### Supplied records
──────
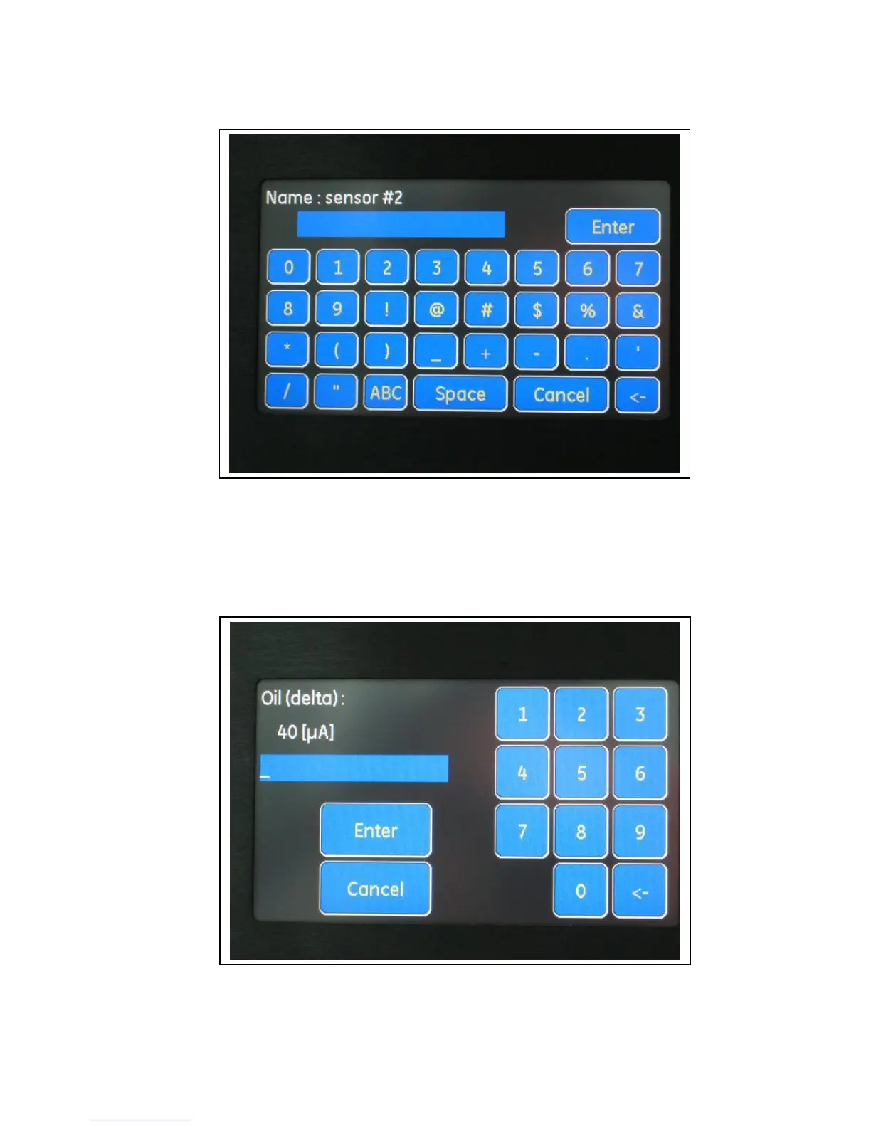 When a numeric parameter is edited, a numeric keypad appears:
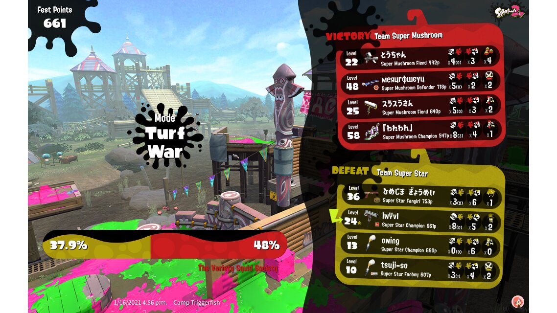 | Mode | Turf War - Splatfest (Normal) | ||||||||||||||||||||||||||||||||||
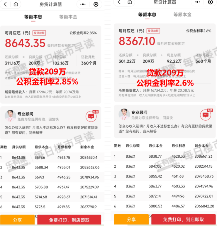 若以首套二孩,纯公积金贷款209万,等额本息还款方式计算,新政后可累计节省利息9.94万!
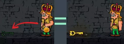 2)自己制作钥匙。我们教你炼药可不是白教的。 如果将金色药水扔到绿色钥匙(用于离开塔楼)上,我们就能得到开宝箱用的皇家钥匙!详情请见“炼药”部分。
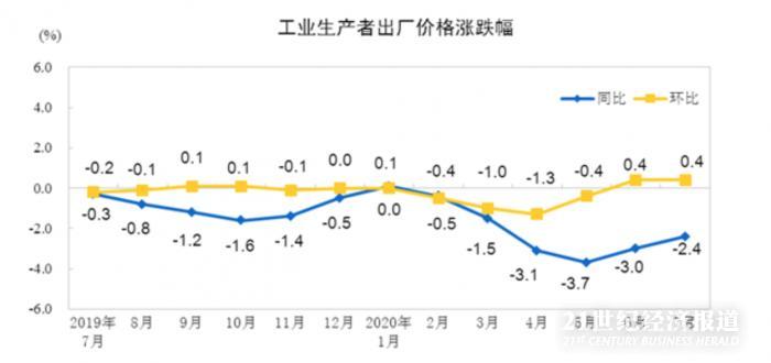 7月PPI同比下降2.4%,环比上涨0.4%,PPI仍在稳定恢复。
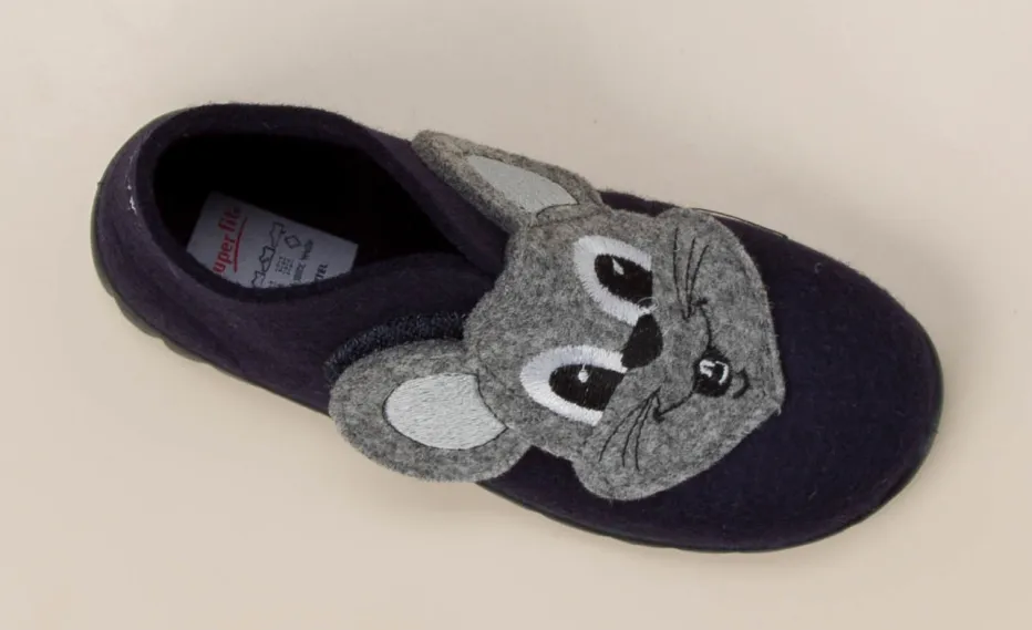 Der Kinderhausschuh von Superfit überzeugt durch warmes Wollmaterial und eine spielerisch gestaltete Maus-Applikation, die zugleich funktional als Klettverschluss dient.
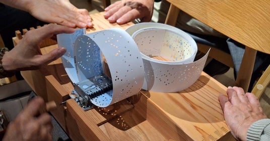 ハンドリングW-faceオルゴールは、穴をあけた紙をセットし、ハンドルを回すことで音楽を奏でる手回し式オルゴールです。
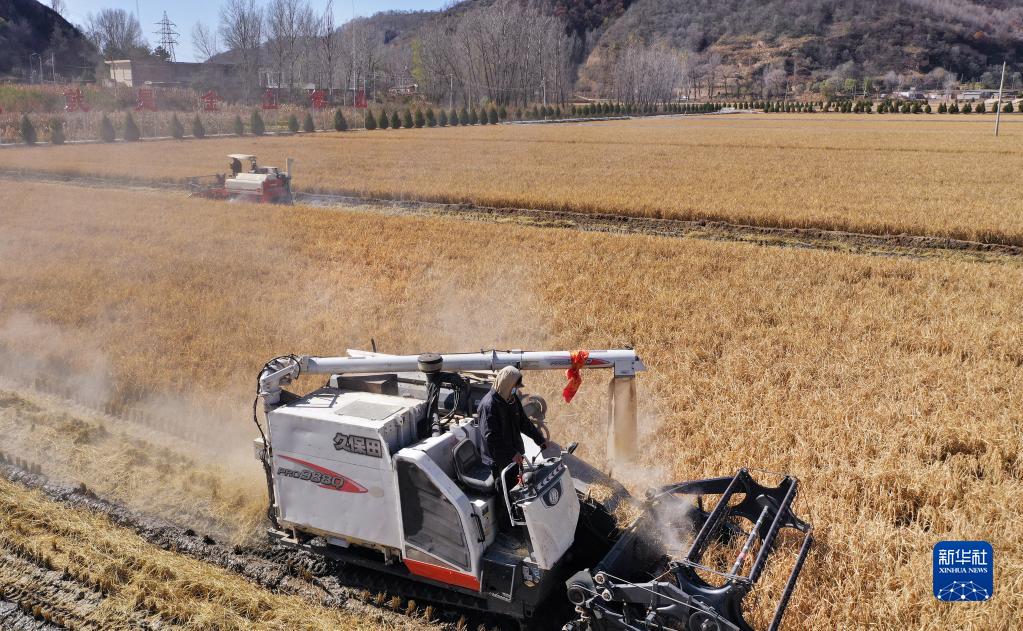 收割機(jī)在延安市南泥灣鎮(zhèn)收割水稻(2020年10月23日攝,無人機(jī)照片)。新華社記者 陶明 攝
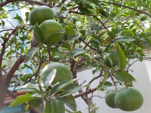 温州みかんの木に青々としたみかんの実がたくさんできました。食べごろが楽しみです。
──────
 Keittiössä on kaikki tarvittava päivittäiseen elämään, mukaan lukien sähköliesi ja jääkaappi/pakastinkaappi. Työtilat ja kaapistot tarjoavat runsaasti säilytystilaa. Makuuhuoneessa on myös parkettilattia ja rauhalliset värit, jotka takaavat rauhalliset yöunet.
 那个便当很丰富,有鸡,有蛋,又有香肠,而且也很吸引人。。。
──────
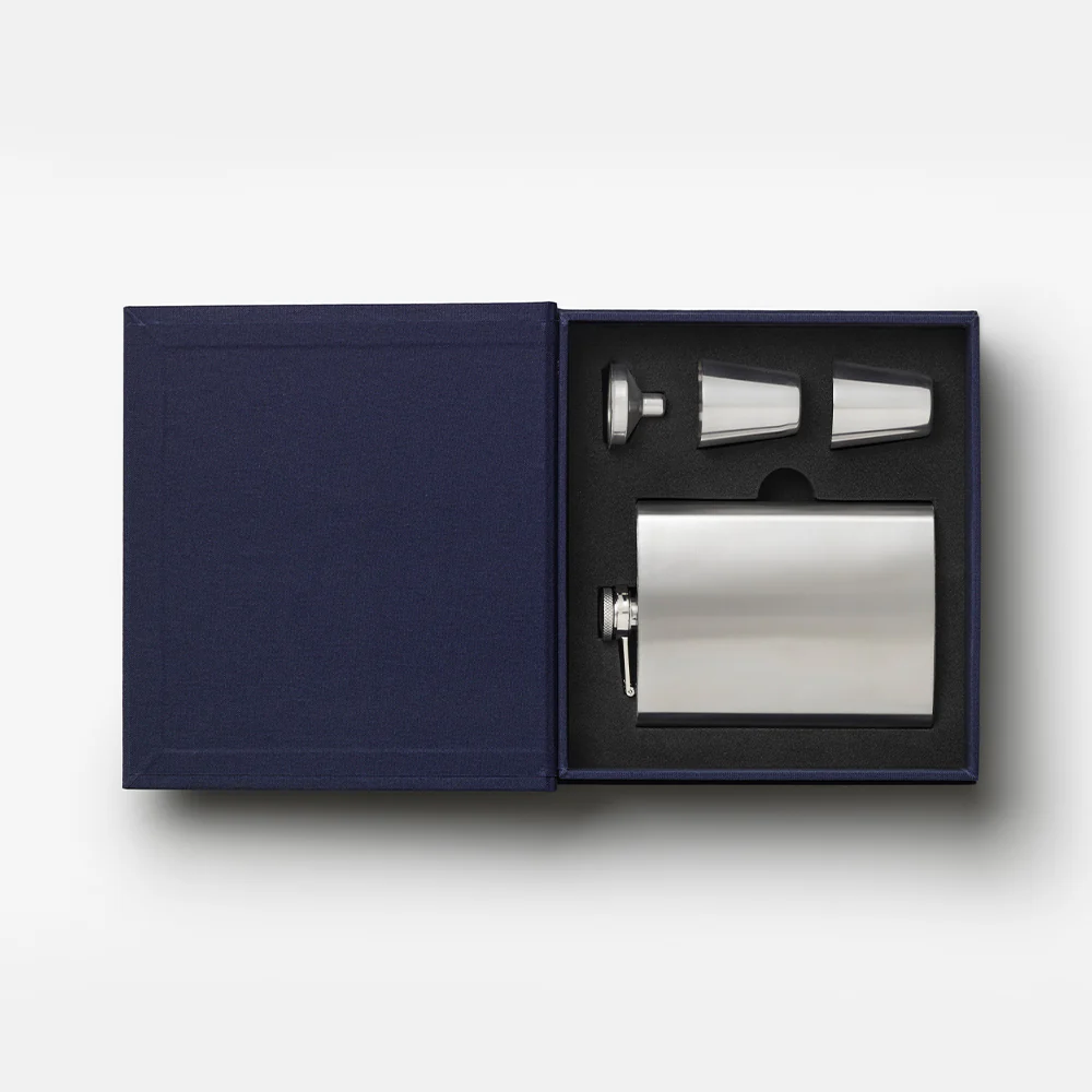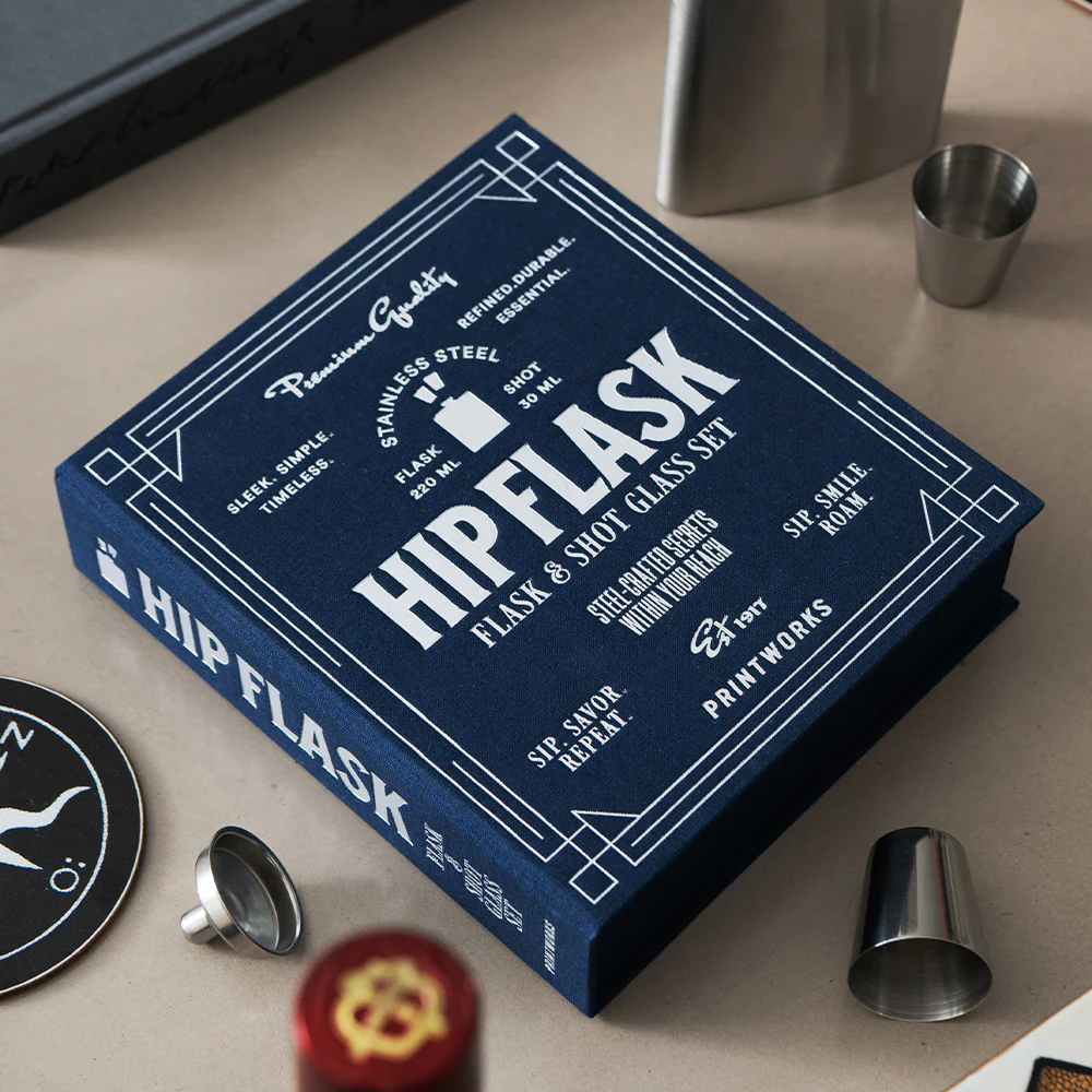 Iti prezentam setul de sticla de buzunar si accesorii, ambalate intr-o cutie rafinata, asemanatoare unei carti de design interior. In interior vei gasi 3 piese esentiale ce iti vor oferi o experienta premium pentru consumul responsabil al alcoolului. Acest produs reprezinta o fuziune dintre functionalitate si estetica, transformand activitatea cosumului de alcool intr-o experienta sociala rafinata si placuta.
──────
### Work instruction
Would you copy out, exactly and with no pictures, only the lines above from the one that contains "2)自己制作钥匙。我们教你炼" through the one that contains "温州みかんの木に青々としたみ"?

### Answer space
 2)自己制作钥匙。我们教你炼药可不是白教的。 如果将金色药水扔到绿色钥匙(用于离开塔楼)上,我们就能得到开宝箱用的皇家钥匙!详情请见“炼药”部分。
 7月PPI同比下降2.4%,环比上涨0.4%,PPI仍在稳定恢复。
 Der Kinderhausschuh von Superfit überzeugt durch warmes Wollmaterial und eine spielerisch gestaltete Maus-Applikation, die zugleich funktional als Klettverschluss dient.
 ハンドリングW-faceオルゴールは、穴をあけた紙をセットし、ハンドルを回すことで音楽を奏でる手回し式オルゴールです。
 收割機(jī)在延安市南泥灣鎮(zhèn)收割水稻(2020年10月23日攝,無人機(jī)照片)。新華社記者 陶明 攝
 温州みかんの木に青々としたみかんの実がたくさんできました。食べごろが楽しみです。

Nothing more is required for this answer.